Subphylum of aquatic parasites

Myxozoa (etymology: Greek: μύξα myxa "slime" or "mucus" + thematic vowel o + ζῷον zoon "animal") is a class of aquatic cnidarian animals – all obligate parasites. It contains the smallest animals ever known to have lived. Over 2,180 species have been described and some estimate they are at least as diverse as the free-living cnidarians, with at least 30,000 undiscovered species. Many have a two-host life cycle, involving a fish and an annelid worm or a bryozoan. The average size of a myxosporean spore usually ranges from 10 μm to 20 μm, whereas that of a malacosporean (a subclade of the Myxozoa) spore can be up to 2 mm. Myxozoans can live in both freshwater and marine habitats.

Myxozoans are highly derived cnidarians that have undergone dramatic evolution from a free swimming, self-sufficient jellyfish-like creature into their current form of obligate parasites composed of very few cells. As myxozoans evolved into microscopic parasites, they lost many genes responsible for multicellular development, coordination, cell–cell communication, and even, in some cases, aerobic respiration. The genomes of some myxozoans are now among the smallest genomes of any known animal species.

==Life cycle and pathology==
Myxozoans are endoparasitic animals exhibiting complex life cycles that, in most of the documented cases, involve an intermediate host, usually a fish, but in rare cases amphibians, reptiles, birds, and mammals; and a definitive host, usually an annelid or an ectoproct.

Only about 100 life cycles have been resolved and it is suspected that there may be some exclusively terrestrial. The mechanism of infection occurs through valve spores that have many forms, but their main morphology is the same: one or two sporoplasts, which are the real infectious agent, surrounded by a layer of flattened cells called valve cells, which can secrete a layer protective coating and form float appendages. Integrated into the layer of valve cells are two to four specialized capsulogenic cells (in a few cases, one or even 15), each carrying a polar capsule containing coiled polar filaments, an extrudable organelle used for recognition, contact and infiltration. Myxospores are ingested by annelids, in which the polar filaments extrude to anchor the spore to the gut epithelium. Opening of the shell valves allows the sporoplasms to penetrate into the epithelium. Subsequently, the parasite undergoes reproduction and development in the gut tissue, and finally produces usually eight actinosporean spore stages (actinospores) within a pansporocyst. After mature actinospores are released from their hosts they float in the water column. Upon contact with skin or gills of fish, sporoplasms penetrate through the epithelium, followed by development of the myxosporean stage. Myxosporean trophozoites are characterized by cell-in-cell state, where the secondary (daughter) cells develop in the mother (primary) cells. The presporogonic stages multiply, migrate via nervous or circulatory systems, and develop into sporogonic stages.
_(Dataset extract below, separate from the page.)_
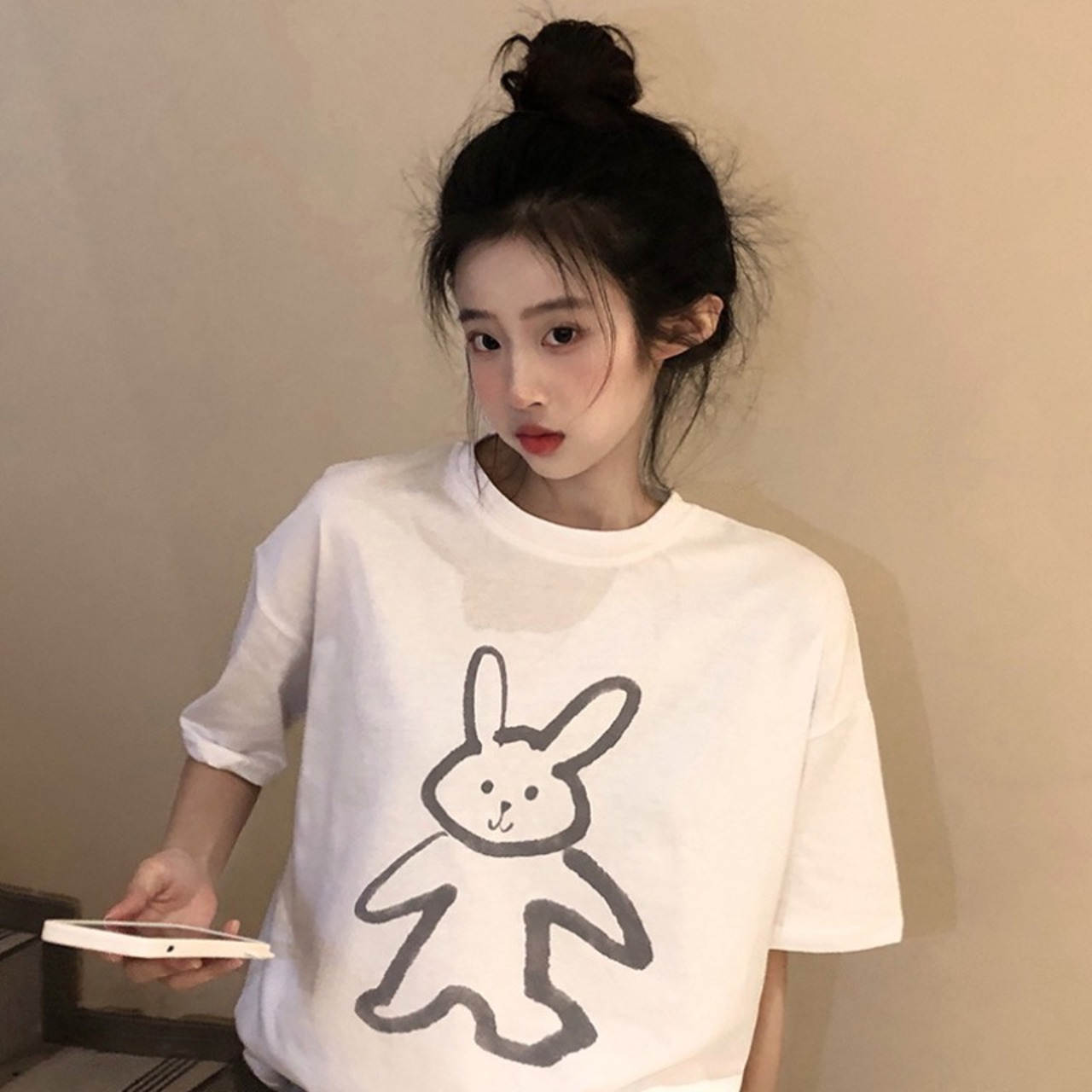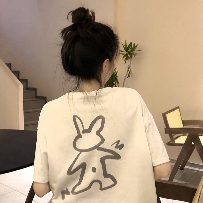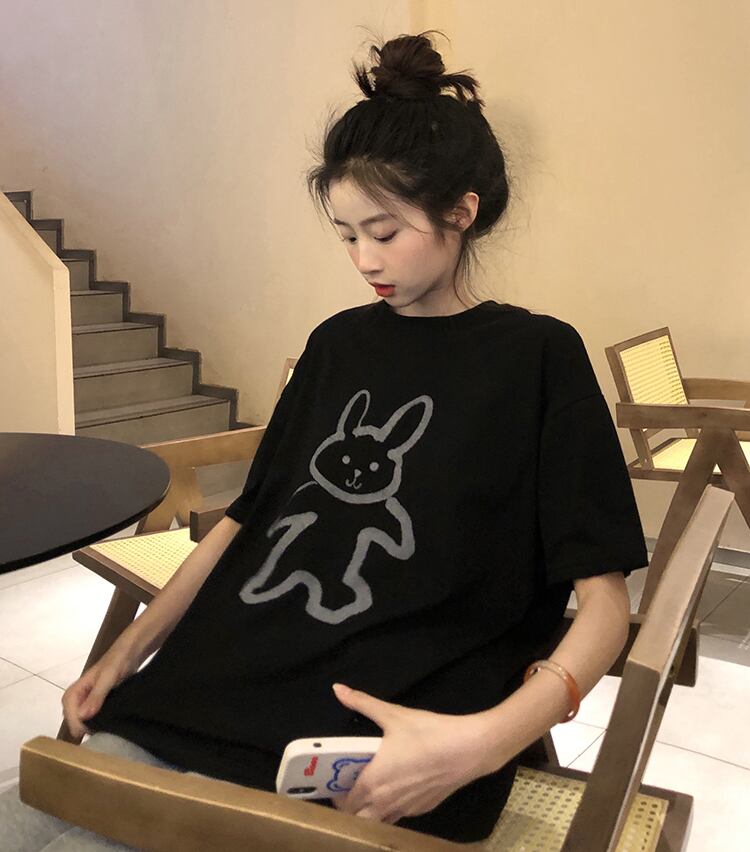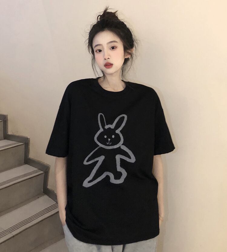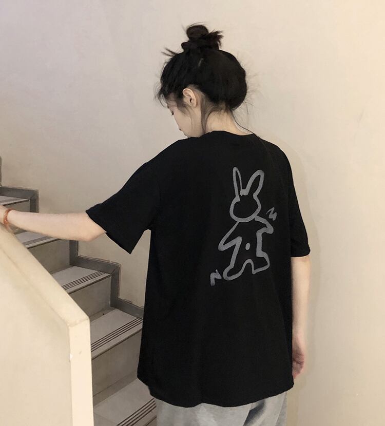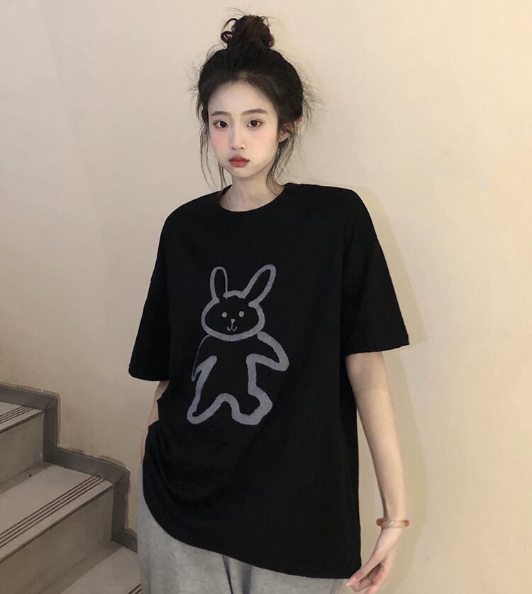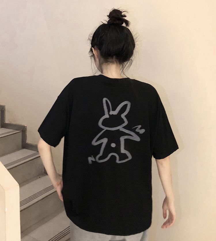 プリント柄ブラックTシャツ夏服NEWルーズカジュアルトップス コットン 夏物 コーデ Marchs21996132815

At the final site of infection, they produce mature spores within mono- or di-sporic pseudoplasmodia, or poly-sporic plasmodia.

Relationships between myxosporeans and their hosts are often highly evolved and do not usually result in severe diseases of the natural host. Infection in fish hosts can be extremely long-lasting, potentially persisting for the lifetime of the host. However, an increasing number of myxosporeans have become pathogens with significant impact to the commercial fish industry, largely as a result of aquaculture bringing new species into contact with myxosporeans to which they had not been previously exposed, and to which they are highly susceptible. The economic impact of such parasites can be severe, especially where prevalence rates are high; they may also have a severe impact on wild fish stocks.
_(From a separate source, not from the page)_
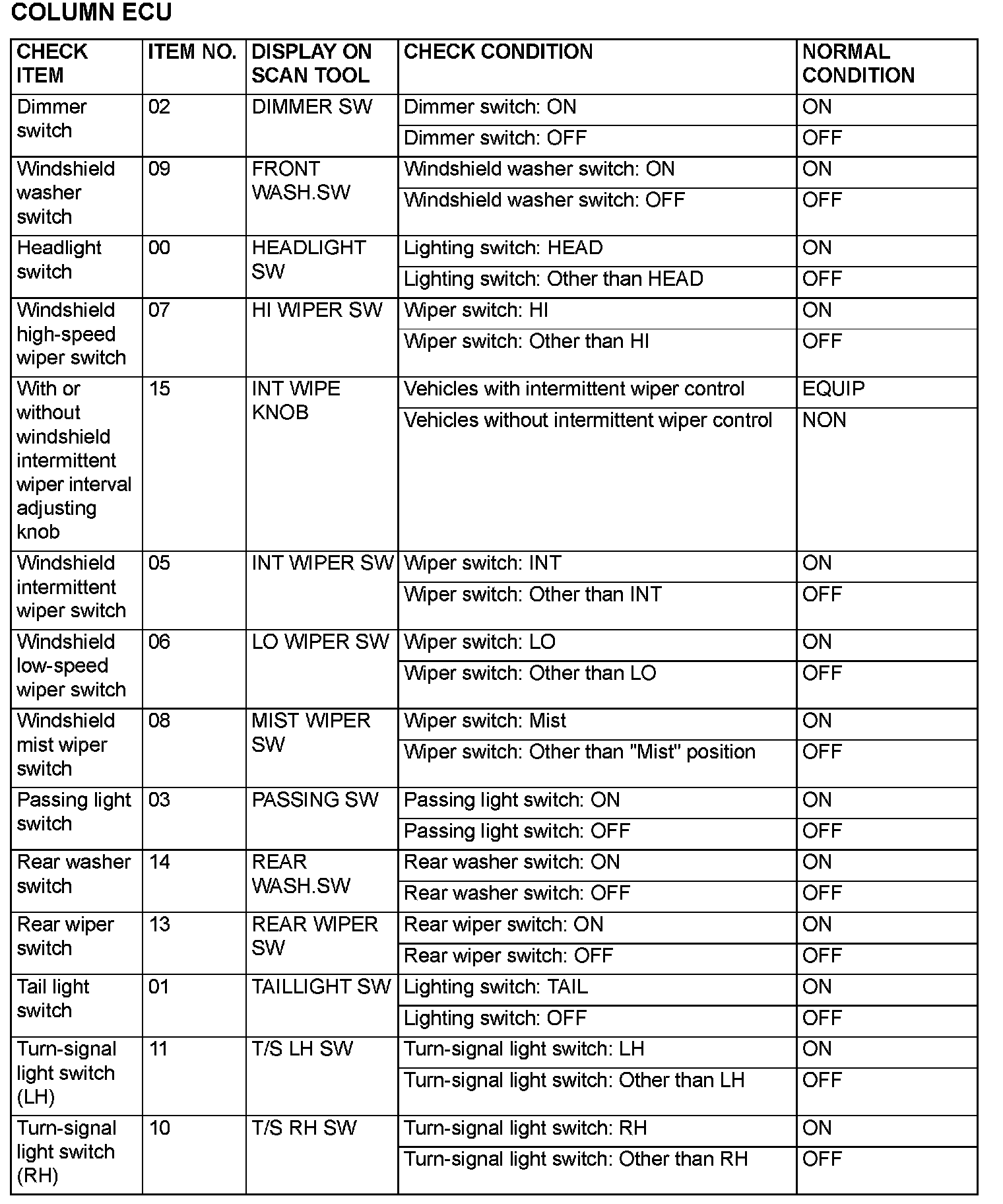 NOTE: For item No.43, the scan tool MB991958 (M.U.T.-III Sub Assembly) also displays "ON" when the light reminder tone alarm or the seat belt tone alarm function is triggered.

The diseases caused by myxosporeas in cultured fish with the most significant economic impact worldwide are proliferative kidney disease (PKD) caused by the malacosporean Tetracapsuloides bryosalmonae, and whirling disease, caused by a myxosporean Myxobolus cerebralis; both diseases affect salmon. Enteromyxosis is caused by Enteromyxum leei in cultured marine sparids, while proliferative gill disease (or "hamburger disease") is caused by Henneguya ictaluri in catfish and S. renicola infections occur in common carp.

==Anatomy==
Myxozoans are very small animals, typically 10–300 μm in length.
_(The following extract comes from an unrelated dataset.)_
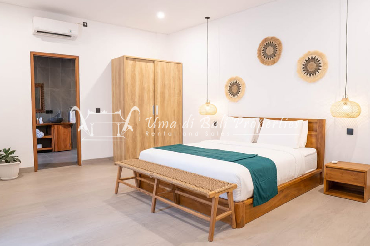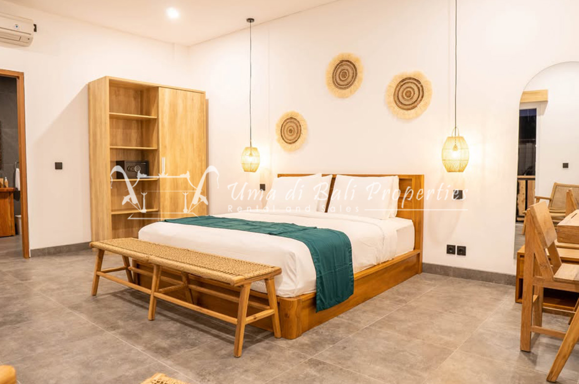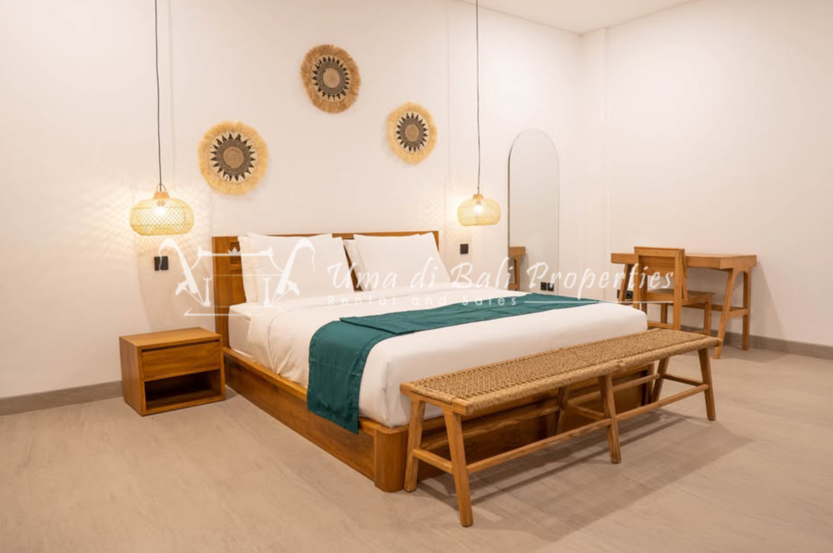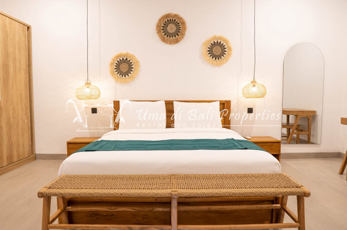 We are pleased to offer an exceptional 1-bedroom apartment for monthly rental, nestled in the serene and stunning location of Pererenan. This apartment comprises a 1 bedroom and 1 bathroom, a cozy living area, an equipped kitchenette, a dining space, a captivating terrace with a seating area, and a refreshing plunge pool that offers an awe-inspiring view of the rice fields.

Like other cnidarians they possess cnidocysts, which were referred to as "polar capsules" before the discovery that myxozoans are cnidarians. These cnidocysts fire tubules as in other cnidarians; some inject substances into the host. However, the tubules lack hooks or barbs, and in some species are more elastic than in other cnidarians.

Myxozoans have secondarily lost epithelial structures, a nervous system, gut, and cilia. Members of the subclade Malacosporea retain many ancestral features, such as the presence of true tissues; these are absent in the Myxosporea. Most myxozoans lack muscles, though these are retained in some members of malacosporea. Those who have lost their muscles move around inside the host using other forms of locomotion, such as the use of filopodia, spore valve contractions, amoeboid movements, and rapidly creating and reabsorbing folds on the cell membrane. Other forms of locomotion in the clade involve the use of cytoskeletal elements and vacuoles to produce superficially worm-like movements.

Myxozoans do not undergo embryogenesis during development and have lost true gametes. Instead, they reproduce via multicellular spores. These spores contain the polar capsules, which are not typically present in somatic cells. Centrioles are not involved in the nuclear division of myxozoans. Cell division by binary fission is rare, and cells divide instead via endogeny.

In 2020, the myxozoan Henneguya salminicola was found to lack a mitochondrial genome, and thus be incapable of aerobic respiration. After Spinoloricus cinziae, it was the first animal to be positively identified as such. Its actual metabolism is currently unknown.

==Phylogenetics==
Myxozoans were originally considered to be protozoans, and were included among other non-motile forms in the group Sporozoa. As their distinct nature became clear through 18S ribosomal DNA (rDNA) sequencing, they were relocated in the metazoa. Detailed classification within the metazoa was however long hindered by conflicting rDNA evidence: although 18S rDNA suggested an affinity with Cnidaria, other rDNA sampled, and the HOX genes of two species, were more similar to those of the Bilateria.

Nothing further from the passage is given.